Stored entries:
★ ★ ★ ★ ★ ★ ★

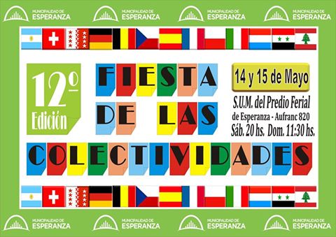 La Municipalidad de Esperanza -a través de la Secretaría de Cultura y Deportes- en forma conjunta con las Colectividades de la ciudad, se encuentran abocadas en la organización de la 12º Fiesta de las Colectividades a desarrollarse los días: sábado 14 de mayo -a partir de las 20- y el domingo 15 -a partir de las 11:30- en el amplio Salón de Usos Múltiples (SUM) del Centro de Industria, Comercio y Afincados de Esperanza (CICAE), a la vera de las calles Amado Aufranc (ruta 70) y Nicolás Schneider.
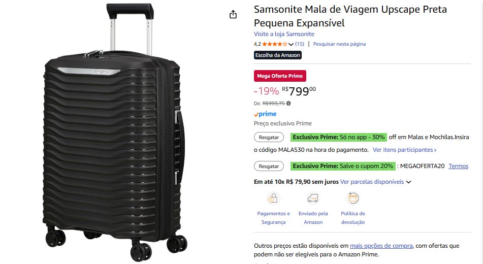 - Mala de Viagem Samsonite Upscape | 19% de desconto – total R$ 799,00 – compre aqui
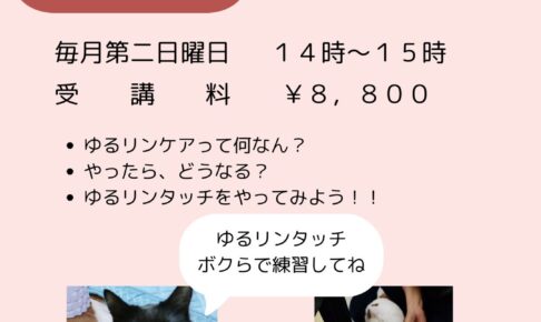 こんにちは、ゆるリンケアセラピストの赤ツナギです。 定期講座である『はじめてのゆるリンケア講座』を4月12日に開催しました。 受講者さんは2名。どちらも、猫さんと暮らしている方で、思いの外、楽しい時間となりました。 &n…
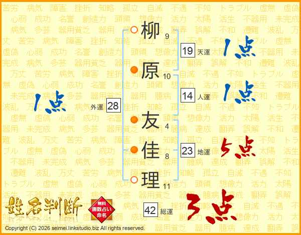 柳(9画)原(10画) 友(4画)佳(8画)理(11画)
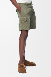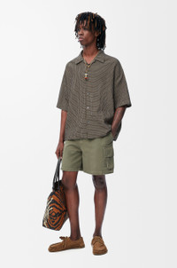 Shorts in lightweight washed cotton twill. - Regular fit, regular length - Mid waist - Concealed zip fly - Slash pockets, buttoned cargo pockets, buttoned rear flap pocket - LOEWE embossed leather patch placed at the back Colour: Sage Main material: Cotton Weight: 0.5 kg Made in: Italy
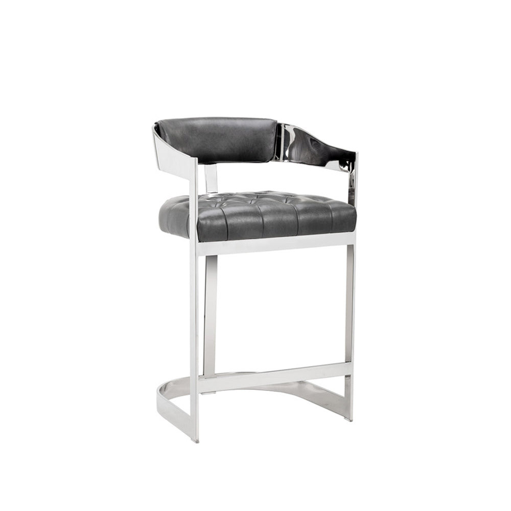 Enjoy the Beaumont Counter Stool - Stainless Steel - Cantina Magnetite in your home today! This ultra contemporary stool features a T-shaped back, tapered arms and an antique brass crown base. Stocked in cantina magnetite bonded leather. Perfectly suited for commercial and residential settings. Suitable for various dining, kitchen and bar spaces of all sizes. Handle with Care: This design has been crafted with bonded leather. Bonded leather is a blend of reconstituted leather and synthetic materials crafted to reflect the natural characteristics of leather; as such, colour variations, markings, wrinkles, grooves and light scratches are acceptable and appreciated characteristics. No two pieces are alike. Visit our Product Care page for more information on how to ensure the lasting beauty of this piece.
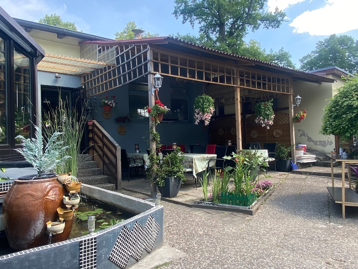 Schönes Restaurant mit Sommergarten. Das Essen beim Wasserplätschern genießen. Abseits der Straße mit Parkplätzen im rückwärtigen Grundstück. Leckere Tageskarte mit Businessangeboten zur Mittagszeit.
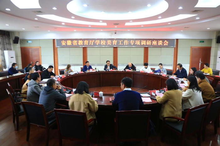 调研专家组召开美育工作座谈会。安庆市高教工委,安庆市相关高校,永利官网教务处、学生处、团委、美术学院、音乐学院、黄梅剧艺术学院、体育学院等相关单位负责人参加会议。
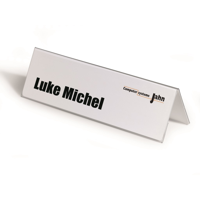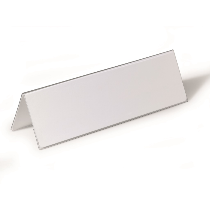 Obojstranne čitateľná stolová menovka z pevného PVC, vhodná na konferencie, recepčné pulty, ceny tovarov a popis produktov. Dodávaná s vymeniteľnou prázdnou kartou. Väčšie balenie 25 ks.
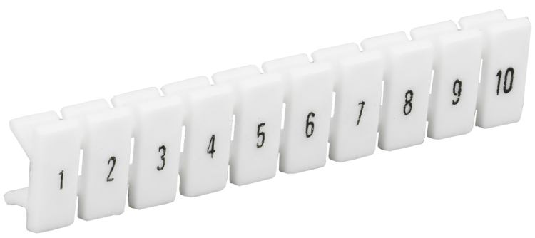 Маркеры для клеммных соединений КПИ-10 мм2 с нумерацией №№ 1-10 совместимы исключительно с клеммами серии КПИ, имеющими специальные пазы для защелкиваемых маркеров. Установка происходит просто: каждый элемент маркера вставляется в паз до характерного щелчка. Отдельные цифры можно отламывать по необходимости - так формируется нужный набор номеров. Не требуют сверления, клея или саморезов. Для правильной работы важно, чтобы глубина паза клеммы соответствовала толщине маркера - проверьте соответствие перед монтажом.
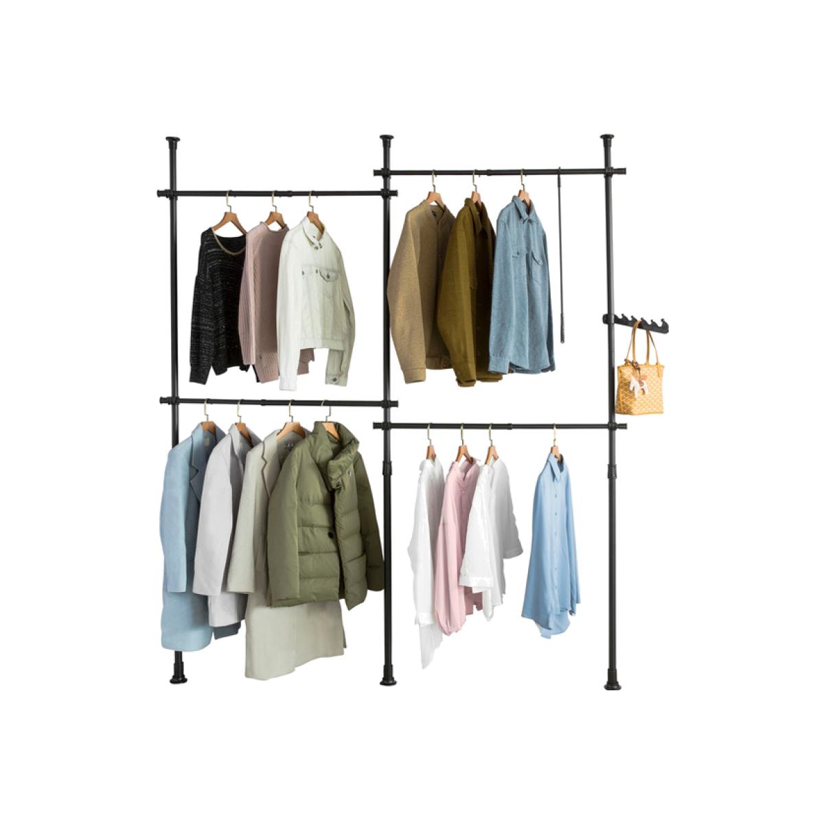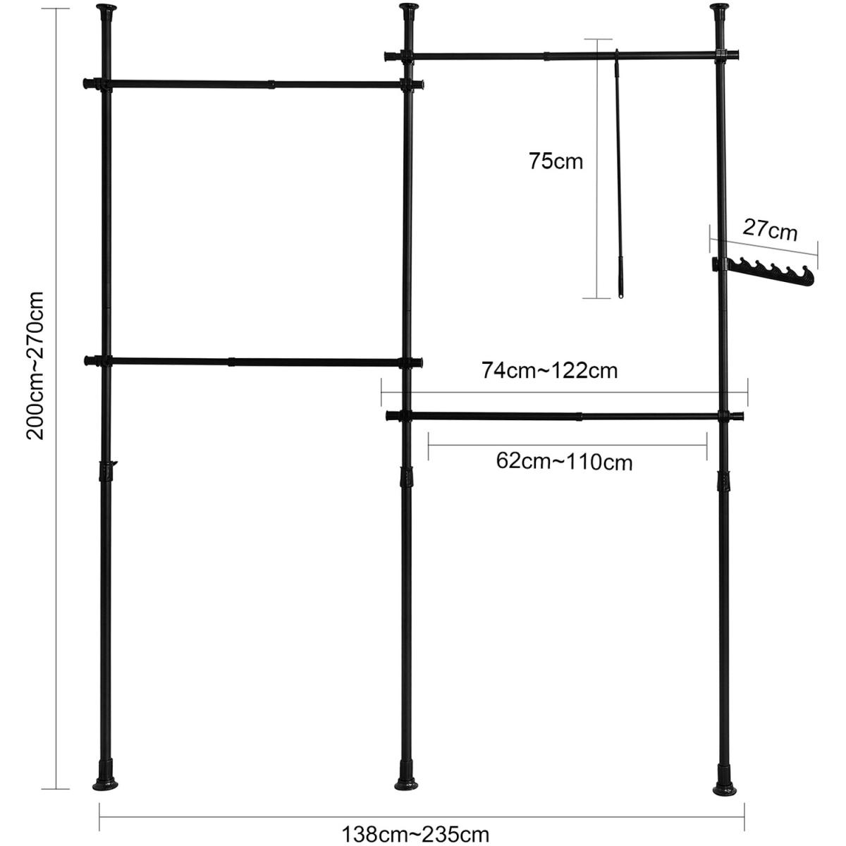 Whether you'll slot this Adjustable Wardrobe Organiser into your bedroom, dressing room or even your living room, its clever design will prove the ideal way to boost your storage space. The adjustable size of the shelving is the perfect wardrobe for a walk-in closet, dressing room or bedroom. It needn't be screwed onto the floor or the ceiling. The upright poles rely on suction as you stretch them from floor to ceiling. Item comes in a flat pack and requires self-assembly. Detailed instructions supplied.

★ ★ ★ ★ ★ ★ ★

Only the lines starting at the one that includes "Enjoy the Beaumont" and ending at the one that includes "Obojstranne čitateľná stolová" should be retyped, exactly, from the records above; no pictures.

 Enjoy the Beaumont Counter Stool - Stainless Steel - Cantina Magnetite in your home today! This ultra contemporary stool features a T-shaped back, tapered arms and an antique brass crown base. Stocked in cantina magnetite bonded leather. Perfectly suited for commercial and residential settings. Suitable for various dining, kitchen and bar spaces of all sizes. Handle with Care: This design has been crafted with bonded leather. Bonded leather is a blend of reconstituted leather and synthetic materials crafted to reflect the natural characteristics of leather; as such, colour variations, markings, wrinkles, grooves and light scratches are acceptable and appreciated characteristics. No two pieces are alike. Visit our Product Care page for more information on how to ensure the lasting beauty of this piece.
 Schönes Restaurant mit Sommergarten. Das Essen beim Wasserplätschern genießen. Abseits der Straße mit Parkplätzen im rückwärtigen Grundstück. Leckere Tageskarte mit Businessangeboten zur Mittagszeit.
 调研专家组召开美育工作座谈会。安庆市高教工委,安庆市相关高校,永利官网教务处、学生处、团委、美术学院、音乐学院、黄梅剧艺术学院、体育学院等相关单位负责人参加会议。
 Obojstranne čitateľná stolová menovka z pevného PVC, vhodná na konferencie, recepčné pulty, ceny tovarov a popis produktov. Dodávaná s vymeniteľnou prázdnou kartou. Väčšie balenie 25 ks.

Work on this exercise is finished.